> **Task prompt**:
Please reproduce the data exactly, though every picture must stay out.

> **Data below**:

○ ○ ○ ○ ○ ○ ○

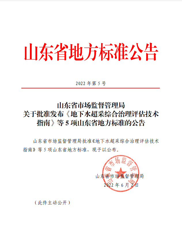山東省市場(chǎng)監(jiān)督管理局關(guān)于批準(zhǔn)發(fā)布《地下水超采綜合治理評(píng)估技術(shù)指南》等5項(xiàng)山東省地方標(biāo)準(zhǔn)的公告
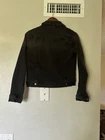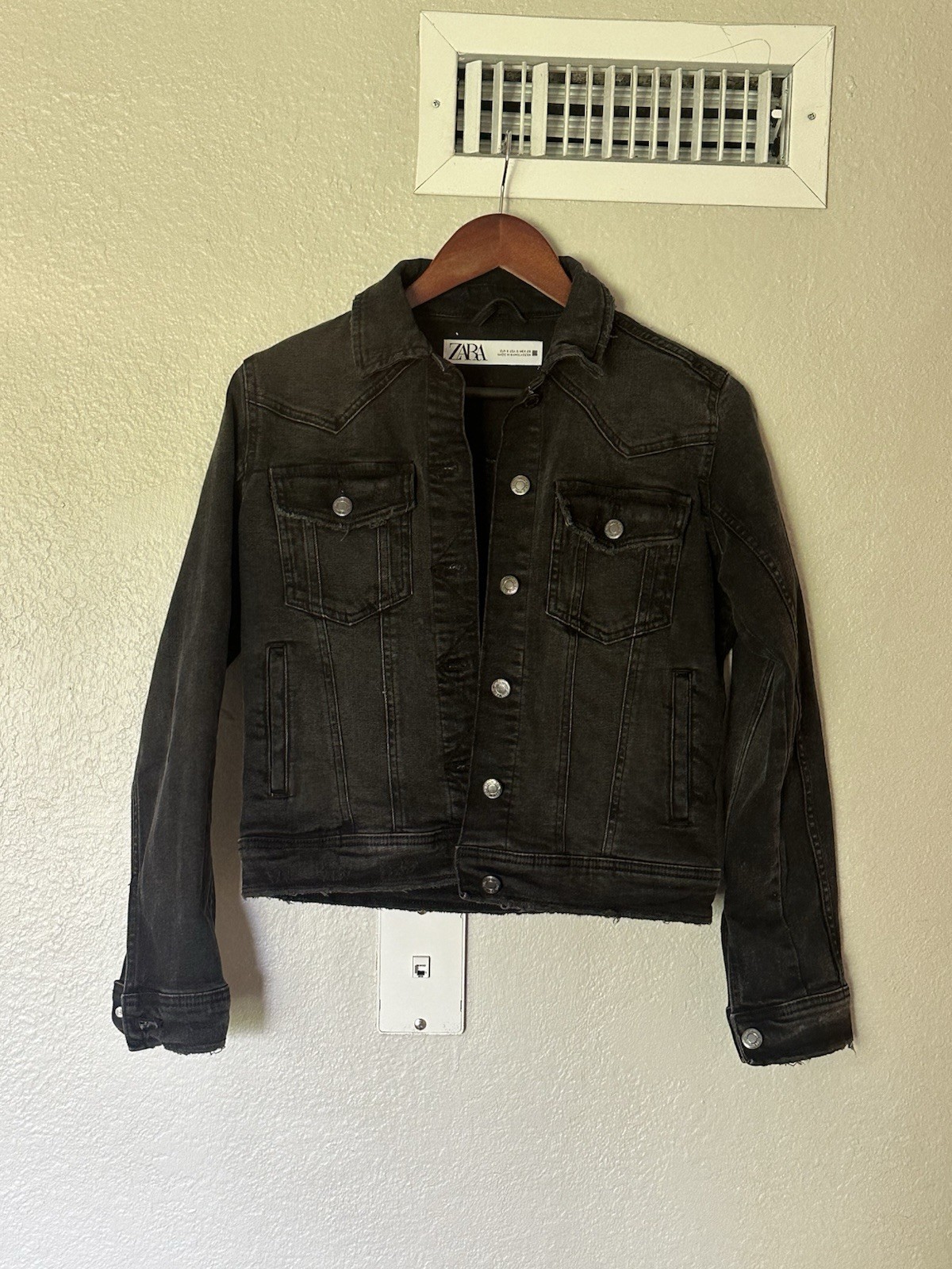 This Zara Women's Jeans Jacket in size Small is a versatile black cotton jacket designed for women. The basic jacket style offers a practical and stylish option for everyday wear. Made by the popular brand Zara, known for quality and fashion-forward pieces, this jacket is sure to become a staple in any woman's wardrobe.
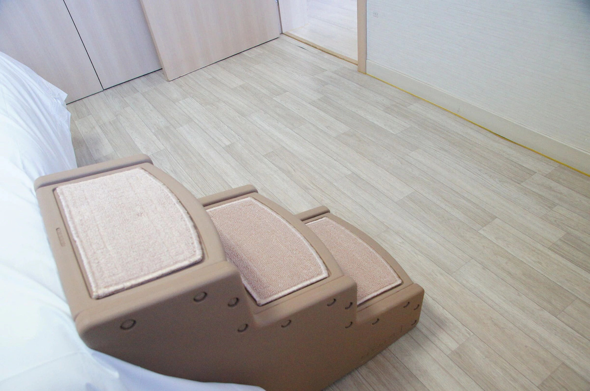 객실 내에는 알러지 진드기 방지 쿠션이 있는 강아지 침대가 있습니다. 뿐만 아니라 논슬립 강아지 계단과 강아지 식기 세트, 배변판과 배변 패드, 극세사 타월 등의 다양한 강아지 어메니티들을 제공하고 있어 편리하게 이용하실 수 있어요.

○ ○ ○ ○ ○ ○ ○

> **Response to the exercise**:
山東省市場(chǎng)監(jiān)督管理局關(guān)于批準(zhǔn)發(fā)布《地下水超采綜合治理評(píng)估技術(shù)指南》等5項(xiàng)山東省地方標(biāo)準(zhǔn)的公告
 This Zara Women's Jeans Jacket in size Small is a versatile black cotton jacket designed for women. The basic jacket style offers a practical and stylish option for everyday wear. Made by the popular brand Zara, known for quality and fashion-forward pieces, this jacket is sure to become a staple in any woman's wardrobe.
 객실 내에는 알러지 진드기 방지 쿠션이 있는 강아지 침대가 있습니다. 뿐만 아니라 논슬립 강아지 계단과 강아지 식기 세트, 배변판과 배변 패드, 극세사 타월 등의 다양한 강아지 어메니티들을 제공하고 있어 편리하게 이용하실 수 있어요.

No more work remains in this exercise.